Заметив, что Степан от ее россказней откровенно заскучал, Симка, ткнувшись губами ему в макушку и вздохнув, начала раздеваться. Увидев выпирающий ее живот с выпяченным синим пупком, Степан округлил глаза.

— Мы когда с тобой в бане мылись, я уж беременная была, — созналась Симка. — Своего-то сейчас до себя не допускаю, а тебя…

Симкина кожа в слабо протопленной избе покрылась пупырышками; Степан, простонав, накинул Симке на плечи полушубок и, выбежав на улицу, подставил пыхнувшее огнем лицо секущей снежной крупе…

Запил он страшно, до синих чертиков и черных карликов. Поволок все из дому на продажу; мать было воспротивилась да куда там — Степан в пьяной ярости отца оказался пострашнее. Мать, как в прежние времена при покойном ныне муже, сиганула однажды с перепугу в окошко. Или Степану это померещилось? Он, лежа без сил на полу под распахнутым окном, изрядно подзамерз и, кое-как поднявшись, закрыл створки рамы.
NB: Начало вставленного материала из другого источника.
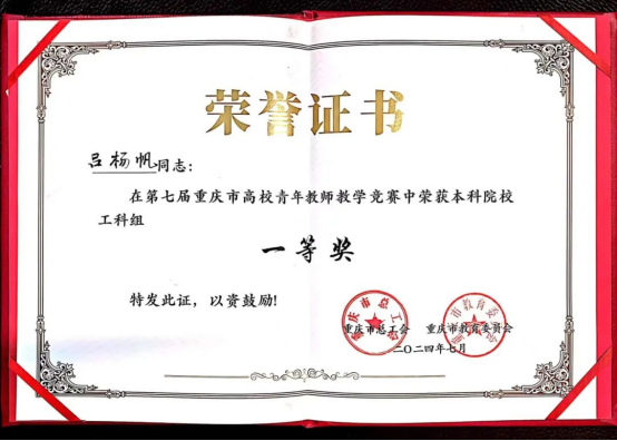 2024年7月,由重庆市总工会、重庆市教育委员会主办的第七届重庆市高校青年教师教学竞赛总决赛在重庆大学虎溪校区落下帷幕。本次比赛以“上好一门课”为理念,设置了工科(含医科)、文科、理科、思想政治理论课专项(含劳动教育)四个组别,来自重庆市62所高校的216名教师同台竞技、共展风采。经激烈角逐,我院病理科吕杨帆副教授荣获院校工科(含医科)组一等奖,实现了大学在该项赛事新的突破!

На воле — белым-бело, глаза режет! Что-то часто блазнить стало в последние дни или просто «гляделки» болят? Из чертиков и карликов сегодня появился только один, со знакомым обличьем и подбитым глазом.

— Да что ты, брат, очухайся!

Савва!

— Ну и вонь! — Савва покосился на лужу блевотины под умывальником. — Пойдем-ка на волю, а то у тебя тут «крыша» запросто съедет!

Потянул теплый ветер, снежок быстро истаивал, асфальтовая разбитая дорожка вдоль речного берега мокро блестела, с голых, с распяленными в вечернем небе сучьями деревьев срывались хлесткие капли. Ежась, брательники подошли к воде: на поверхности колышущейся незамерзшей стремнины отражались огни фонарей, окружающих обкорнанное, без куполов, здание заброшеного храма на другом берегу.

Савва посмотрел куда бы присесть, облюбовал ствол подмытого еще весенним паводком дерева. Степан, притулясь рядышком, стал рассказывать брательнику и про Симку и про себя, сипя от спазмов в горле, размазывая по лицу слезы и не заботясь нисколько — понимает его Савва или нет.

Тот не судил и не сочувствовал:

— Ты, брат, забудь теперь побыстрей обо всем, не рви себя понапрасну… И женись-ка на сестре твоего друга Иосифа. Подружка детства твоя, сам рассказывал. Видел бы ты — какими глазами она тебя тогда, летом, провожала, если б оглянулся!

— Так Танька же… Не баба уж, инвалид!

— Человек. А один ты пропадешь. Думай!..

Савва вздохнул, потрогал все больше наливающийся синяк под глазом.

— Не повезло вот тоже. Слава Богу, ноги вовремя унес… Приехал сюда, и дай, думаю, до тебя Лерку проведаю. «Запал» я что-то на нее, серьезно, все о ней вспоминал. А там шалманище пьяное, двое или трое «урок» сидят. Я пру сдуру, а Лерка делает вид, что не узнает такого, ошибся, мол, гражданин номером. Я сразу, дурак, не сообразил что к чему… Спасибо Лерке — ухорезов тех кое-как в дверях задержала, убежать мне дала… Видно, век, брат, бродить мне неприкаянному. Рад бы в рай да грехи не пускают!

Савва поднялся, оскальзываясь по берегу, выбрался на дорожку и запел:

— Тихая моя Родина,

Ива, река, соловьи…

Степан заторопился за ним следом, все еще всхлипывая, попытался подтянуть.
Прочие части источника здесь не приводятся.